Site web bilingue FR/EN pour une PME suisse
Site bilingue FR/EN pour une PME suisse : pourquoi le traducteur automatique ne suffit pas, hreflang expliqué simplement, et l'architecture que je recommande.
En Suisse, beaucoup de PME ont besoin de deux versions de leur site. Le français pour la Romandie. L'anglais pour les clients internationaux. Sur le papier, ça paraît simple. En pratique, c'est l'endroit où la plupart des sites se cassent les dents.
Je vais vous expliquer comment je construis un site bilingue qui tient la route. Sans jargon. Avec un point précis sur une balise que peu de gens connaissent en français : hreflang. C'est elle qui dit à Google quelle langue montrer à quel visiteur. Mal posée, elle peut faire disparaître votre version anglaise des résultats de recherche.
Pourquoi bilingue ne suffit pas
Avoir deux langues sur un site, ce n'est pas juste traduire les mots. C'est construire deux sites qui se parlent.

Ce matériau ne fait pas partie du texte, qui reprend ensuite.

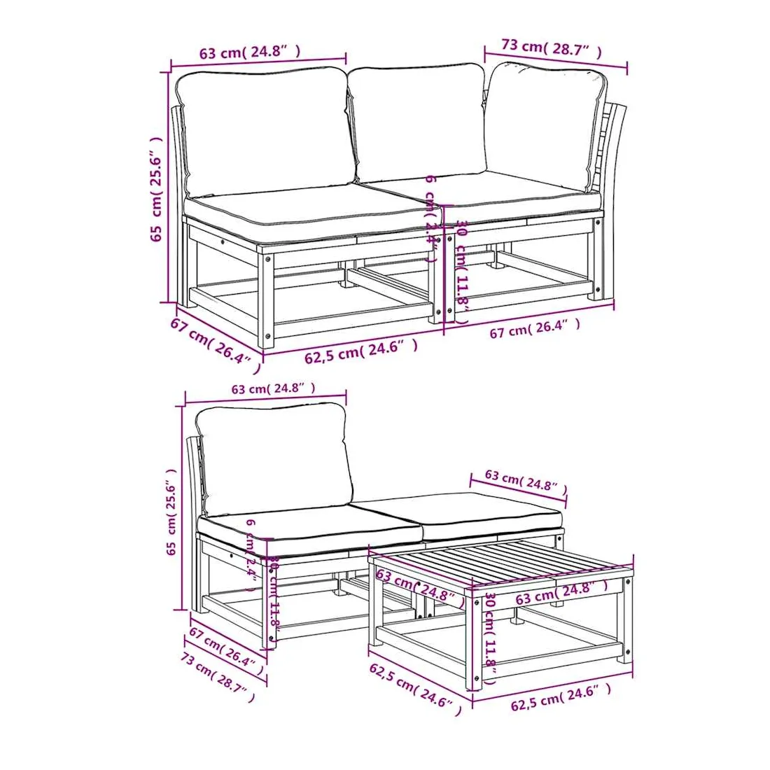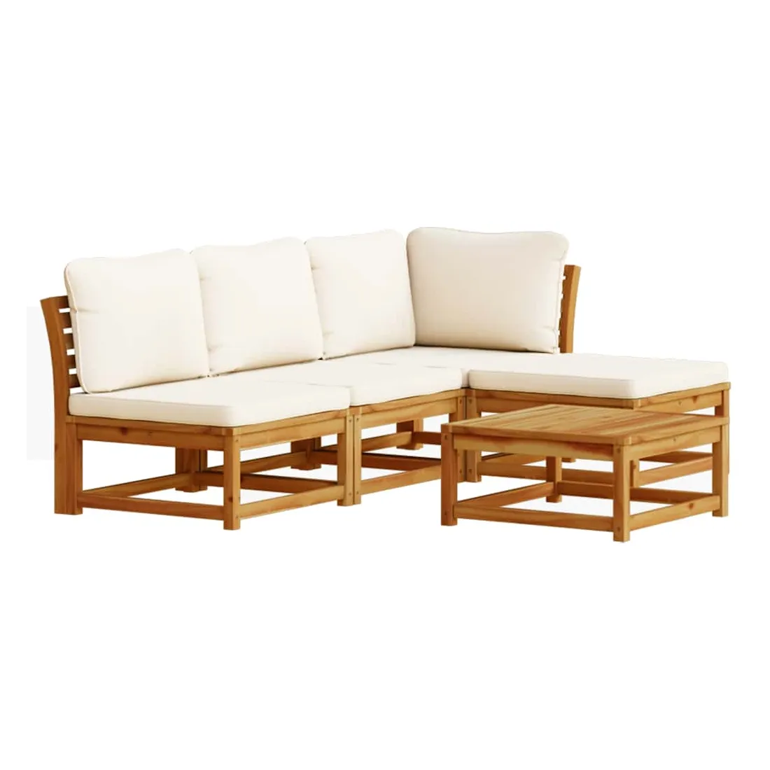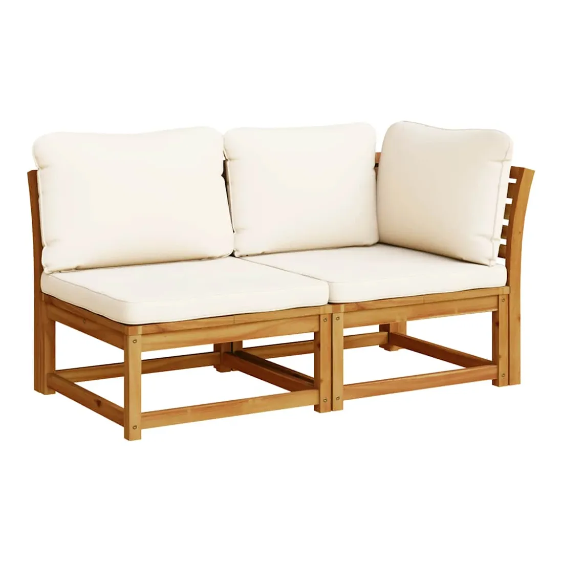 Cet ensemble de salon de jardin en bois avec coussins a un design élégant et constitue un excellent choix pour vous détendre et profiter du jardin ou du patio. Bois d'acacia massif : le bois d'acacia massif est un matériau naturel magnifique. Le bois d'acacia un bois dur tropical, qui est dense, robuste et durable.Expérience d'assise confortable : le dossier et les coussins rembourrés rendent l’ensemble de canapé de jardin plus confortable pour s'asseoir.Conception à lattes : la conception à lattes de l’ensemble de meubles en bois empêche efficacement l'eau de s'accumuler, ce qui garantit que l'assise reste sèche et exempte de tout risque de pourriture.Conception modulaire : cet ensemble de meubles d'extérieur a une conception modulaire, ce qui le rend complètement flexible et facile à déplacer, afin que vous puissiez créer un agencement de meubles d'extérieur personnalisé. Bon à savoir :Pour que vos meubles d'extérieur restent beaux, nous vous recommandons de les protéger avec une housse imperméable.

Voici le piège classique. Vous traduisez la page d'accueil. Vous traduisez "Services" et "Contact". Et vous vous arrêtez là. Résultat : un visiteur anglophone clique sur un article de blog, et il tombe sur du français. Il part. La confiance est cassée en trois secondes.
Un vrai site bilingue, c'est une parité complète. Chaque page française a son équivalent anglais. Chaque lien interne reste dans la bonne langue. Le menu, les boutons, les messages d'erreur du formulaire, tout suit. Si une seule pièce manque, le visiteur le sent.
J'ai vécu ce travail en vrai. Mon premier projet livré est le site d'Ahmed Ghattour & Co, un cabinet d'audit basé à Tripoli. Le site est bilingue anglais et arabe. L'arabe se lit de droite à gauche, ce qui complique tout : le menu, les marges, l'alignement des textes, tout doit basculer. Une vingtaine de pages, deux langues, deux sens de lecture. Vous pouvez voir le résultat sur la page du cas Ghattour.
Le point important : si je sais gérer anglais et arabe avec deux sens de lecture, le couple français/anglais est plus simple. Les deux langues se lisent de gauche à droite. La méthode reste la même. La parité, le routage des langues, les balises SEO : c'est le même travail, en plus facile.
Le piège du traducteur automatique
La tentation est forte. Google Translate, DeepL, un plugin qui traduit tout en un clic. Pourquoi payer une traduction quand une machine le fait gratuitement ?
Parce que ça vous coûte plus cher au final. Voici pourquoi.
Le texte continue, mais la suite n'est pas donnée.